→ Information supplied
>>

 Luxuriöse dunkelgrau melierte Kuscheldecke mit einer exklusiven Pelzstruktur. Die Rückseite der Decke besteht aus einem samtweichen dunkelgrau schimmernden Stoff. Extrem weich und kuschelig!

<<
>>

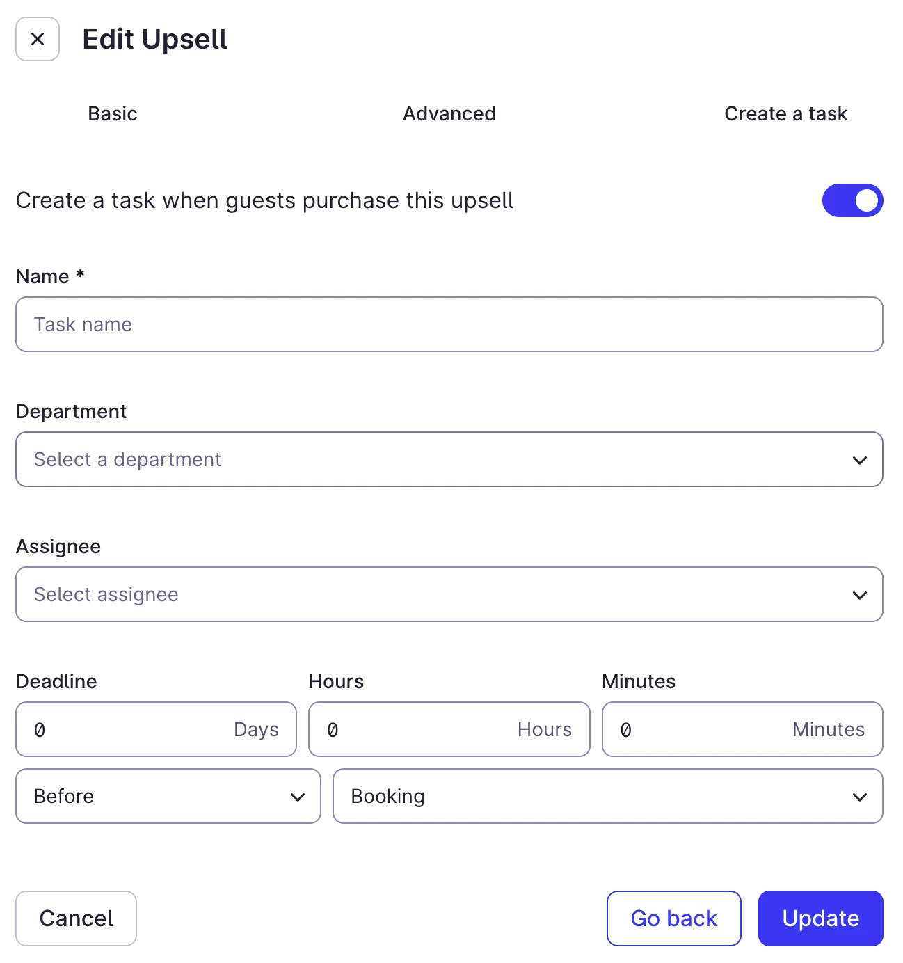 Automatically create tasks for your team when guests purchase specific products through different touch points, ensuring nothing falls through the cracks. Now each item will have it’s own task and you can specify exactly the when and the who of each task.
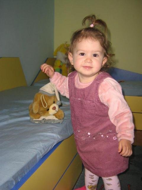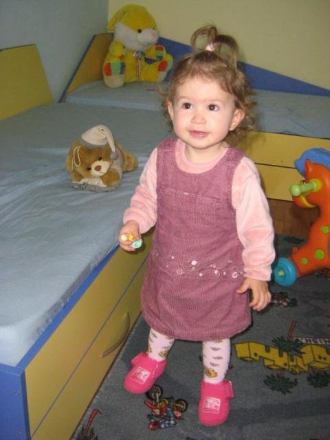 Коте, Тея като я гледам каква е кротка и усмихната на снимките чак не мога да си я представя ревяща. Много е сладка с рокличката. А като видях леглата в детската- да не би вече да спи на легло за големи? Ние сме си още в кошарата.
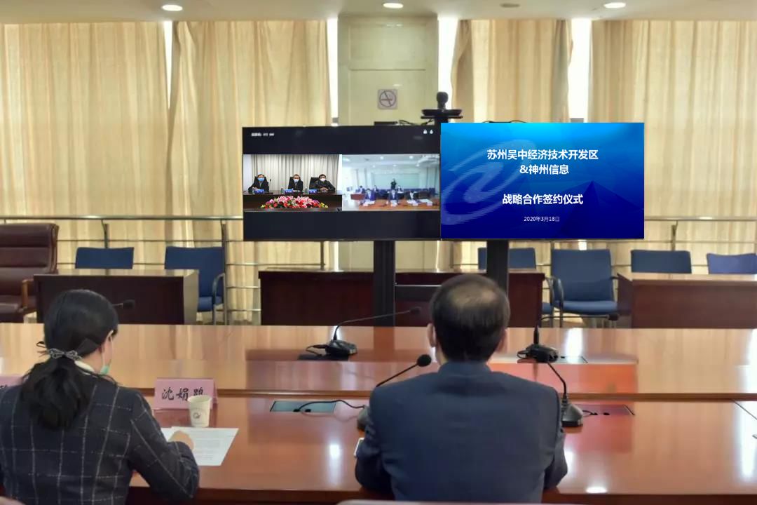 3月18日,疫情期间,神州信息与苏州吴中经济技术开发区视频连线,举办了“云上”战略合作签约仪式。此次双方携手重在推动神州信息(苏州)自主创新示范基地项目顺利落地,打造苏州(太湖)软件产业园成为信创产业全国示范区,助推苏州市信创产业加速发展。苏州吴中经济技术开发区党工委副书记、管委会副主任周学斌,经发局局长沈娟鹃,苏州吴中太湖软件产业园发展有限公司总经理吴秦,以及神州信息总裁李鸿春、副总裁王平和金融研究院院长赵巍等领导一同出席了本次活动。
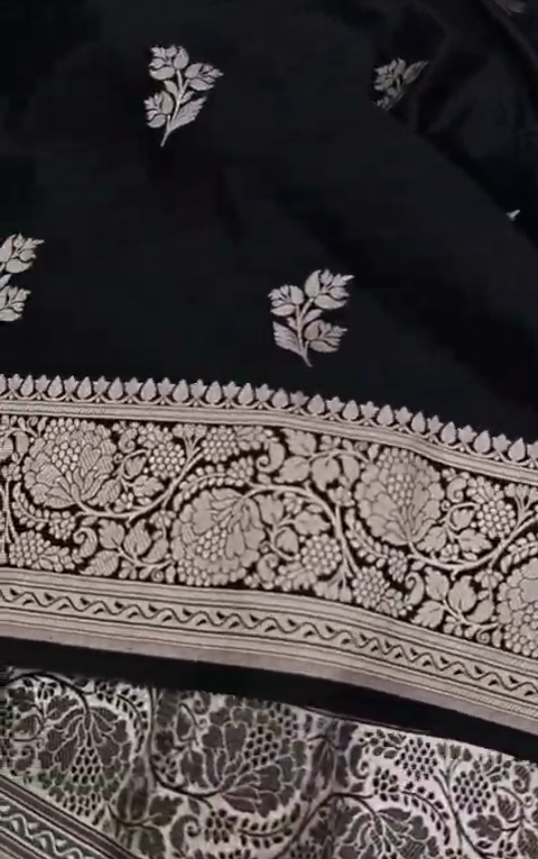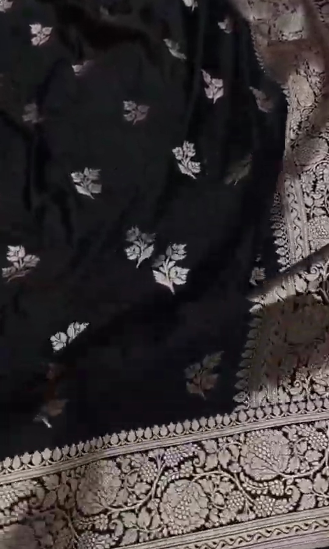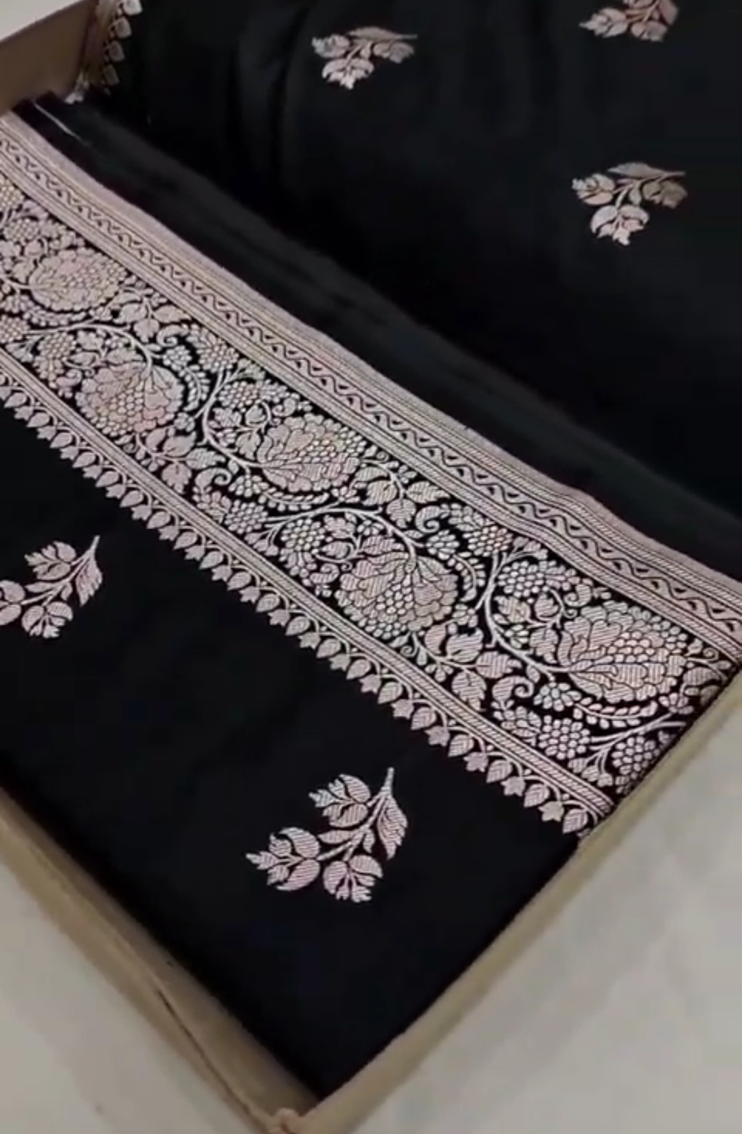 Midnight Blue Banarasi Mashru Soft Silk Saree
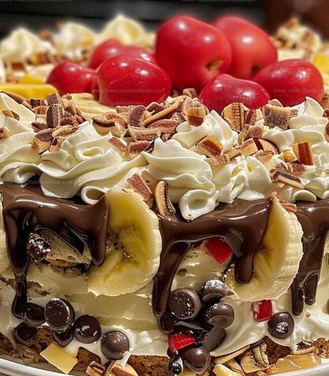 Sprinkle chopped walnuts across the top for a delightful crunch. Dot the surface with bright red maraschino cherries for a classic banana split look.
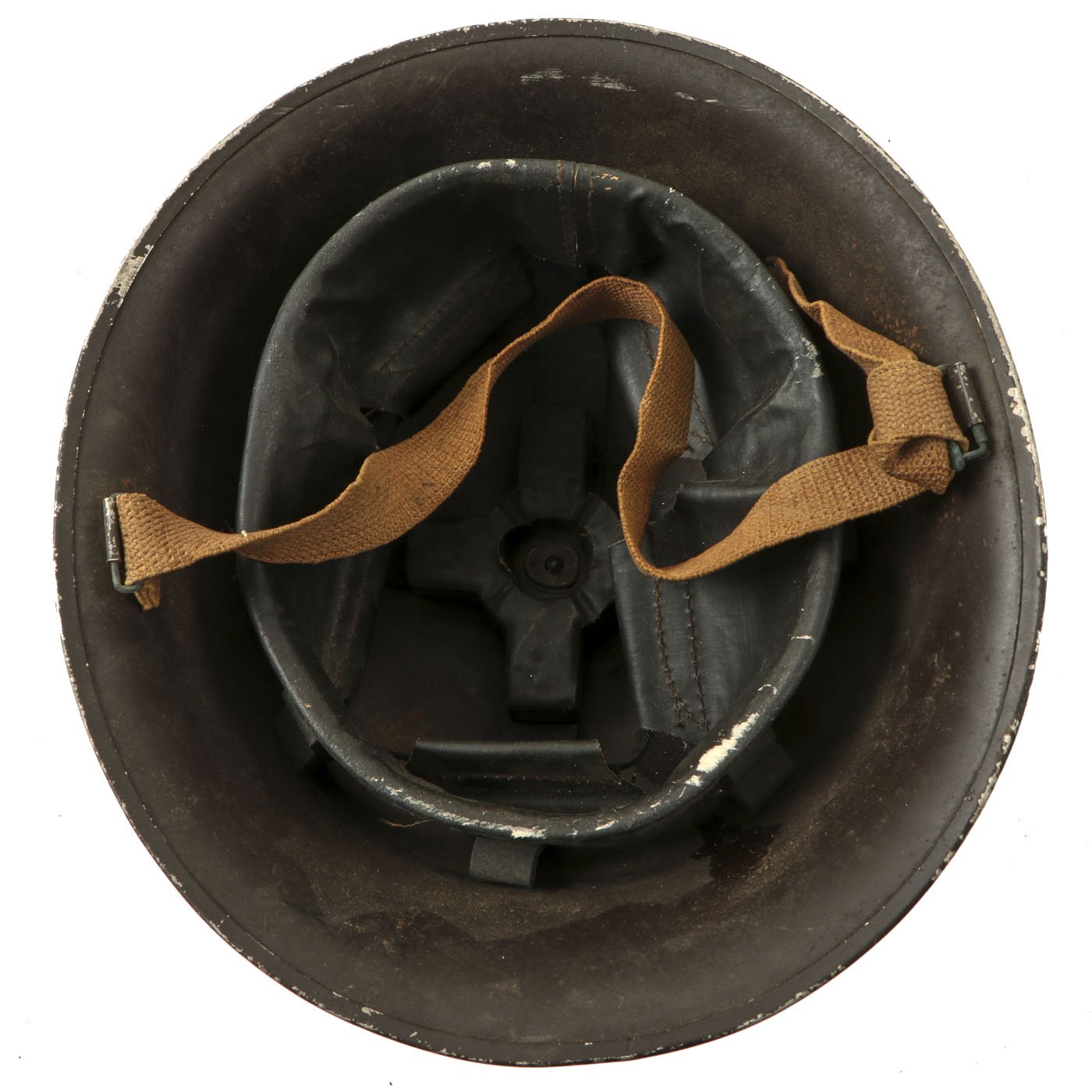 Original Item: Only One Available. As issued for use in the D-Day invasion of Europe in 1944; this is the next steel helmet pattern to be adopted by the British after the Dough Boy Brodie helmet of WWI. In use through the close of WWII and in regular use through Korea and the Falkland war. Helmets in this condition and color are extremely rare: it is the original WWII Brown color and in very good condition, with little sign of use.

<<

→ Instructions for the task
With the pictures left out, write out exactly the lines above from the one containing "Automatically create tasks" through the one containing "Sprinkle chopped walnuts".

→ Answer to this problem
 Automatically create tasks for your team when guests purchase specific products through different touch points, ensuring nothing falls through the cracks. Now each item will have it’s own task and you can specify exactly the when and the who of each task.
 Коте, Тея като я гледам каква е кротка и усмихната на снимките чак не мога да си я представя ревяща. Много е сладка с рокличката. А като видях леглата в детската- да не би вече да спи на легло за големи? Ние сме си още в кошарата.
 3月18日,疫情期间,神州信息与苏州吴中经济技术开发区视频连线,举办了“云上”战略合作签约仪式。此次双方携手重在推动神州信息(苏州)自主创新示范基地项目顺利落地,打造苏州(太湖)软件产业园成为信创产业全国示范区,助推苏州市信创产业加速发展。苏州吴中经济技术开发区党工委副书记、管委会副主任周学斌,经发局局长沈娟鹃,苏州吴中太湖软件产业园发展有限公司总经理吴秦,以及神州信息总裁李鸿春、副总裁王平和金融研究院院长赵巍等领导一同出席了本次活动。
 Midnight Blue Banarasi Mashru Soft Silk Saree
 Sprinkle chopped walnuts across the top for a delightful crunch. Dot the surface with bright red maraschino cherries for a classic banana split look.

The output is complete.